▶ Aim of the task: When a line in the material beneath includes the word "from", add it to the count, and report the count alone.

▶ Raw data:
----------------

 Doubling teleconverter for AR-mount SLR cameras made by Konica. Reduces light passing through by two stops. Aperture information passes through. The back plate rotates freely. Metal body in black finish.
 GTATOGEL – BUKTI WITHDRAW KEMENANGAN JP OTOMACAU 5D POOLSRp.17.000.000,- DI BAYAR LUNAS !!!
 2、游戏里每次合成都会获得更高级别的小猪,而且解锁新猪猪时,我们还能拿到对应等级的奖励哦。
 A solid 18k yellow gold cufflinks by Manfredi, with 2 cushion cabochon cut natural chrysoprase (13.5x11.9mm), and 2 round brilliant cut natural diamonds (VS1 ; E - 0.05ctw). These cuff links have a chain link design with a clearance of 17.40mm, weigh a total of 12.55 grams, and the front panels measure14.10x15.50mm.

----------------

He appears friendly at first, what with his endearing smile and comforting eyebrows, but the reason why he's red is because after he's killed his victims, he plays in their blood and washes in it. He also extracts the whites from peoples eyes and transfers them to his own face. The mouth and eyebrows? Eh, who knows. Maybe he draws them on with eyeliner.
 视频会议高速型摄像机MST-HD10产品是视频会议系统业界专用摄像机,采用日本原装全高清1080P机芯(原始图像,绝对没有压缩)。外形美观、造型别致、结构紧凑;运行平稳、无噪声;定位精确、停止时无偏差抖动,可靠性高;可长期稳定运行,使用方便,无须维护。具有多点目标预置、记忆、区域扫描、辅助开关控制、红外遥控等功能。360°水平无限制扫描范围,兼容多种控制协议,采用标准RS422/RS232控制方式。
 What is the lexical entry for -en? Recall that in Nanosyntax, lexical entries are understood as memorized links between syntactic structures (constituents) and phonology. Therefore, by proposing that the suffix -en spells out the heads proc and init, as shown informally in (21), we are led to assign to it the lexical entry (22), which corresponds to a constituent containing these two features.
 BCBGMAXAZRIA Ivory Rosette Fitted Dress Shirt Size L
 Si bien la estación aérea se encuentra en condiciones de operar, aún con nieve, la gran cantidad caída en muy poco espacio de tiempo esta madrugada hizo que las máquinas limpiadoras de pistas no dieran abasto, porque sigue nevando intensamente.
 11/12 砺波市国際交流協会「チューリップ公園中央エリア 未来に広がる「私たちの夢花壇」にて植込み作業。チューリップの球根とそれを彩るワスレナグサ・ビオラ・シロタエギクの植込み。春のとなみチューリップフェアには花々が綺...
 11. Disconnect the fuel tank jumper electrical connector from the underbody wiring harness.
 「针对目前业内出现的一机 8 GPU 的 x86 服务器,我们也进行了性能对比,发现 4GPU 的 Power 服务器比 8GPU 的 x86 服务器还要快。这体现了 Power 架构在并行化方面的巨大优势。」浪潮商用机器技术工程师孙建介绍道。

----------------

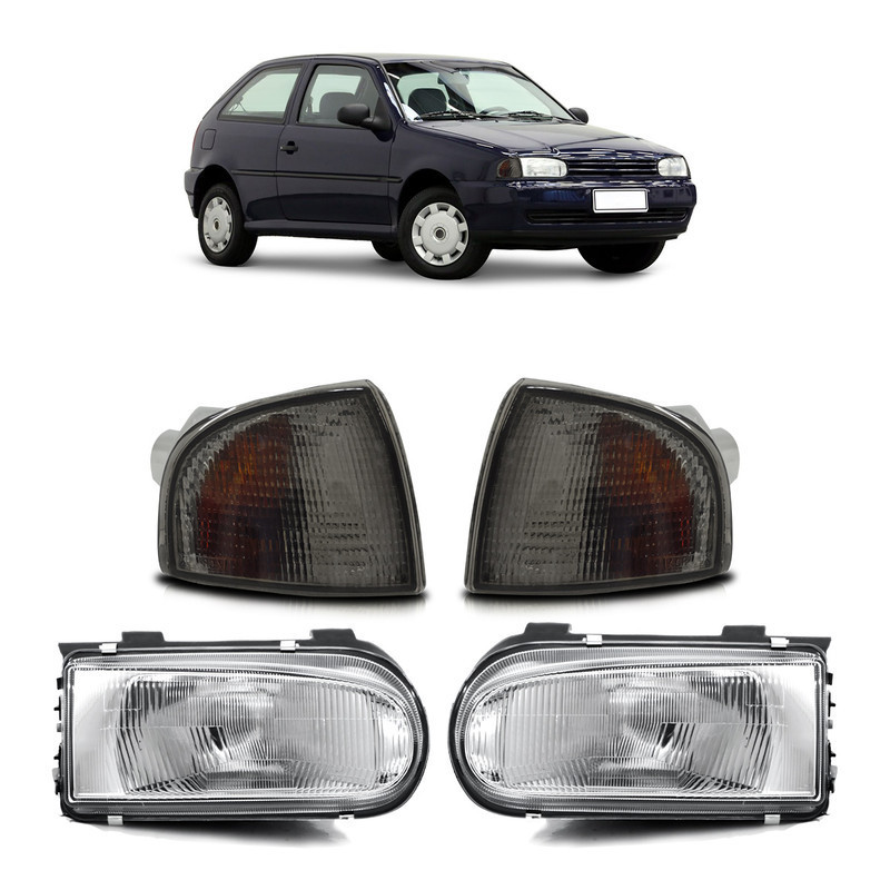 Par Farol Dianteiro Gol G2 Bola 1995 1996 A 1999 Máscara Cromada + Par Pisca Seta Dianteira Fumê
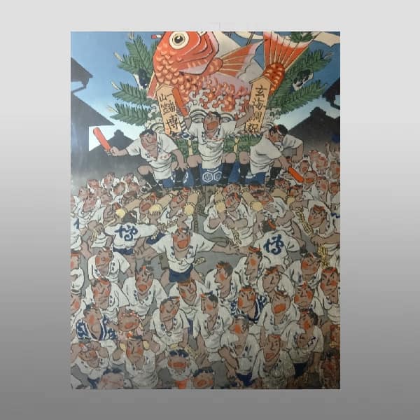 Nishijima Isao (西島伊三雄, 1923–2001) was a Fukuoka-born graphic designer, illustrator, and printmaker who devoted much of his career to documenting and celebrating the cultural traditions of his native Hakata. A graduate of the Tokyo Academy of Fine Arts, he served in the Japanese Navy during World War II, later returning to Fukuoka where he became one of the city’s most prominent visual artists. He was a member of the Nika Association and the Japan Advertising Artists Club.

----------------

▶ Solution: 2